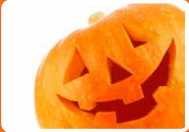
Jack O'Lantern History Page 3
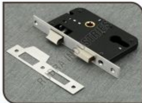
Regular Lock Body
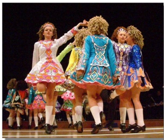
Stop by the reception for great food, fun, and while you're at it, try out one of many traditional Irish dance steps!

Diversity Services, along with the Diversity Student Organization, will host an Irish American Heritage Month Reception at CVTC
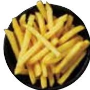
Sea Salt Fries
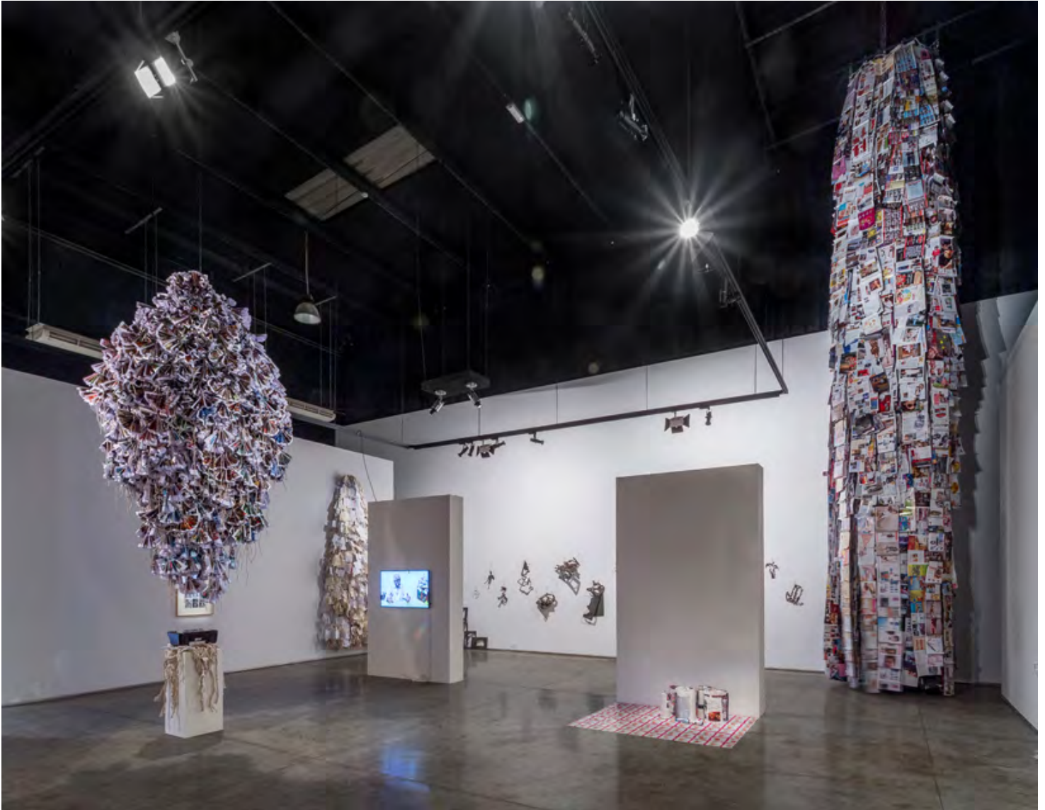
installation view at gallery isabelle van den eynde

visitors experience huge reams of paper, air-rusted iron shapes and hundreds of pages torn from a dictionary that hang from the ceiling and crawl up walls. viewers are invited to explore a wall of papier-mâché encrusted toys, a pillar of inkjet printouts, and a chandelier of ripped book sheets. fascinated by a seemingly endless repetition of imagery from glossy magazines churned out month-to-month, photographs that are printed and reprinted, and streams of leaflets and brochures, sharif addresses this flood of information with his own acts of repetition, where images are stripped of their meaning and turned into raw material for reuse.
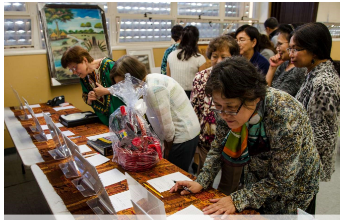
Schools of Africa Silent Auction - Northern California

This year WFWP USA held 17 local service projects, and 16 projects supporting those oversees, for a total of 33 service activities.
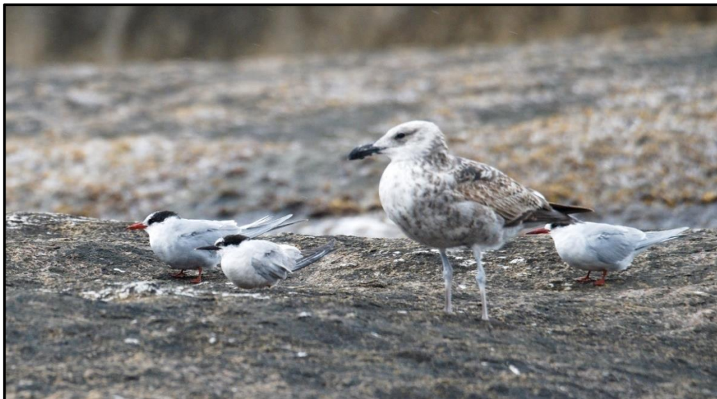
Antarctic Terns ( Sterna vittata ) at Maiden's Cove between Camps Bay and Clifton

Next, we headed over Constantia Nek to the west coast and popped into Hout Bay to see some Cape Fur Seals just when the wind began to rage! We hastily hopped back into the vehicle and drove the gorgeous coastline back towards the city. A brief stop at Maiden's Cove in almost gale force winds afforded us decent views of another target, Antarctic Tern , which was in the close company of Common Terns , Kelp Gulls and a Greater Crested Tern . We then called it a day in near impossible conditions, but fortunately during our return to the hotel we finally picked up Common Buzzard , with good views.
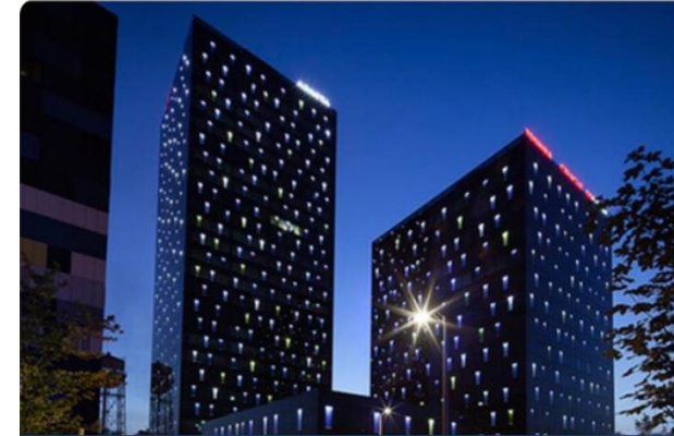
VIMD Kwart, Zagreb, Croatia
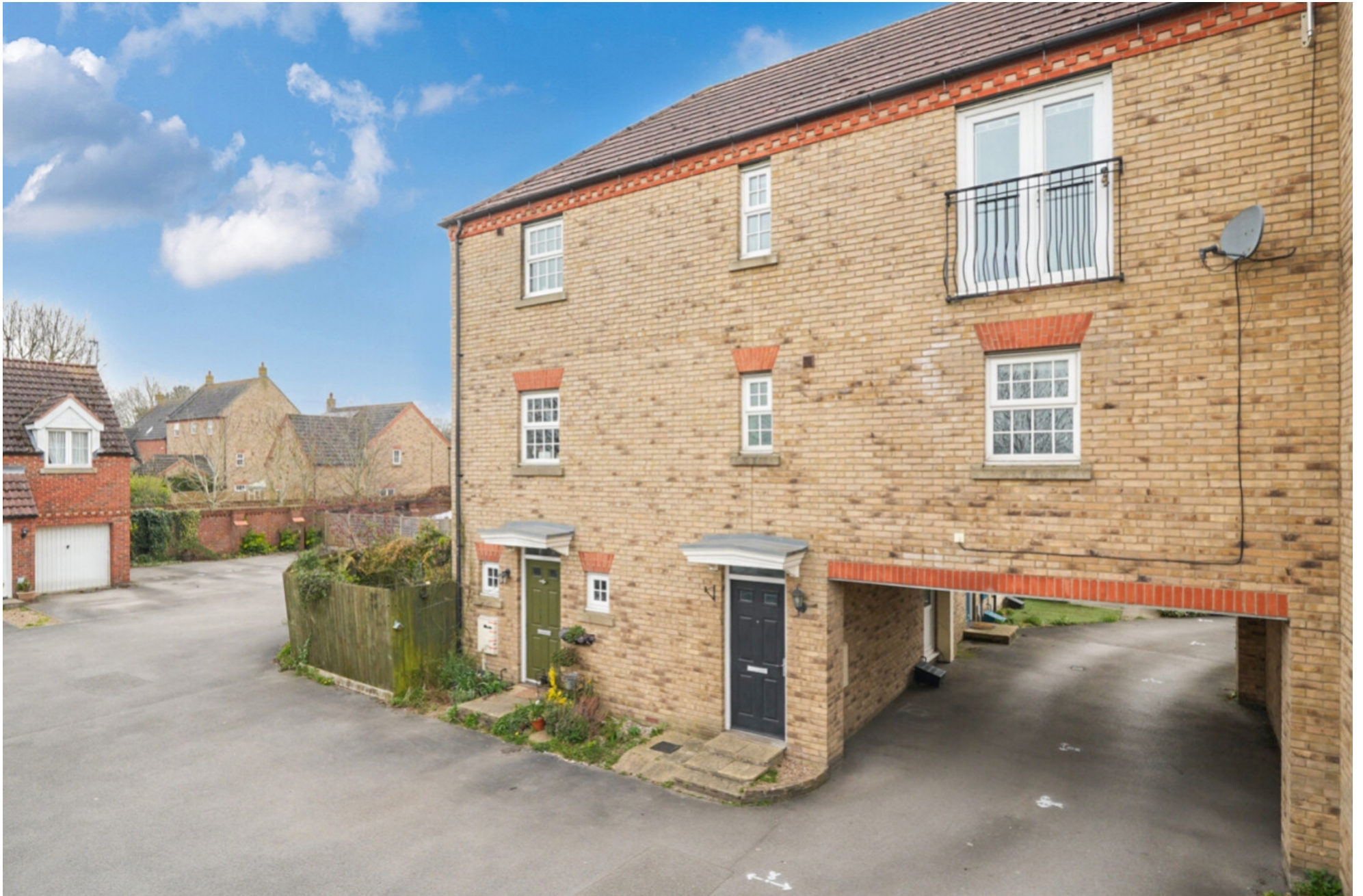
34 Squirrel Chase, Witham St. Hughs, Witham St. Hughs, Lincoln, LN6 9UX
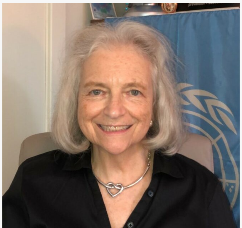
Representing The Peace Alliance, and the Global Alliance for Ministries and Infrastructures for Peace.

“Peace is not only a hope or a slogan. It is a living practice, a civic responsibility, and a future we can intentionally design, build, and sustain. As this final week begins, we are calling people everywhere to take one more step — and then another — toward healing, belonging, collaboration, and peace.”
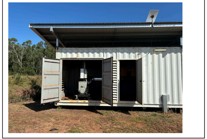
New roof and Genset
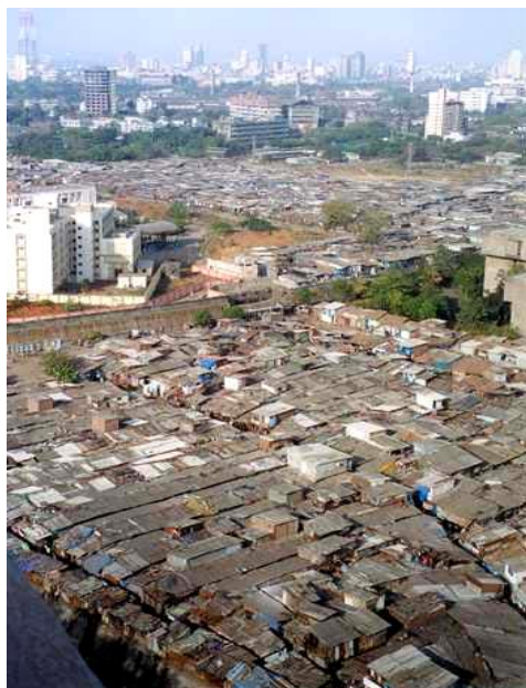
Pic-1. Profile of the study area

The slum sex ratio of M/East ward is 785. The female literacy rate is 67.49 as compared to male literacy rate of 82.9 which is quite below the national level (Census of India, 2001, Maharashtra population data with data on slum population in urban units).
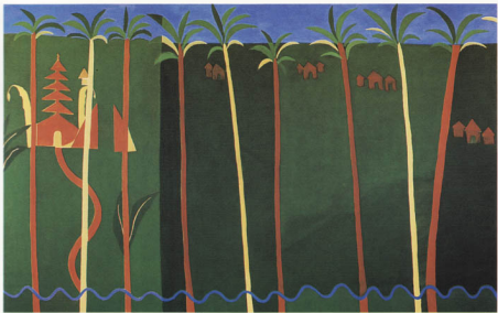
Above: "Ubad Landscape", 1997, Acrylic on canvas, 140 x 230 cm Facing Pages: "The Storm is Not Over Yet... Noah Heard a Whisper", 1997, Acrylic on canvas Triptych, 230 x 420 cm
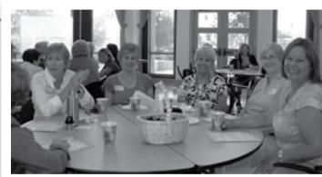
Volunteer teacher's gathering
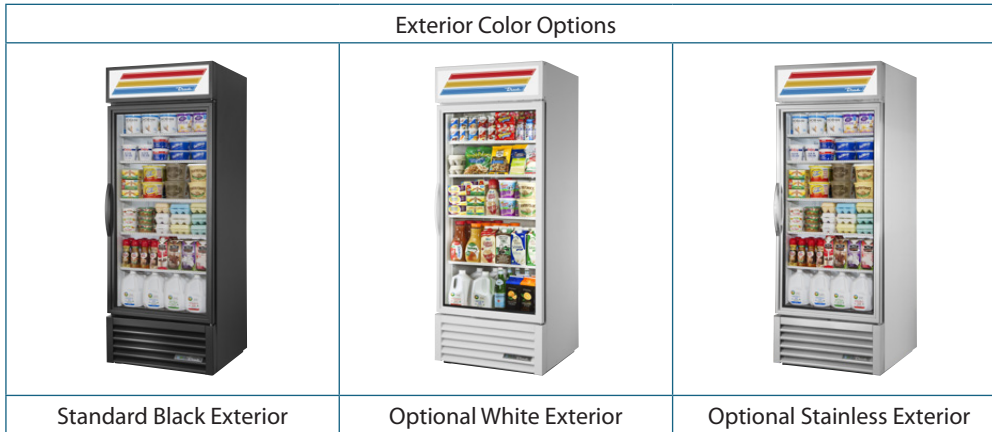
Standard Black Exterior
-------
What you have to do. Your task is to retype the lines running from the one that contains "is not only" through the end of the records, and nothing else. Pictures are not part of the copy.

Exercise solution.
“Peace is not only a hope or a slogan. It is a living practice, a civic responsibility, and a future we can intentionally design, build, and sustain. As this final week begins, we are calling people everywhere to take one more step — and then another — toward healing, belonging, collaboration, and peace.”
New roof and Genset
Pic-1. Profile of the study area

The slum sex ratio of M/East ward is 785. The female literacy rate is 67.49 as compared to male literacy rate of 82.9 which is quite below the national level (Census of India, 2001, Maharashtra population data with data on slum population in urban units).
Above: "Ubad Landscape", 1997, Acrylic on canvas, 140 x 230 cm Facing Pages: "The Storm is Not Over Yet... Noah Heard a Whisper", 1997, Acrylic on canvas Triptych, 230 x 420 cm
Volunteer teacher's gathering
Standard Black Exterior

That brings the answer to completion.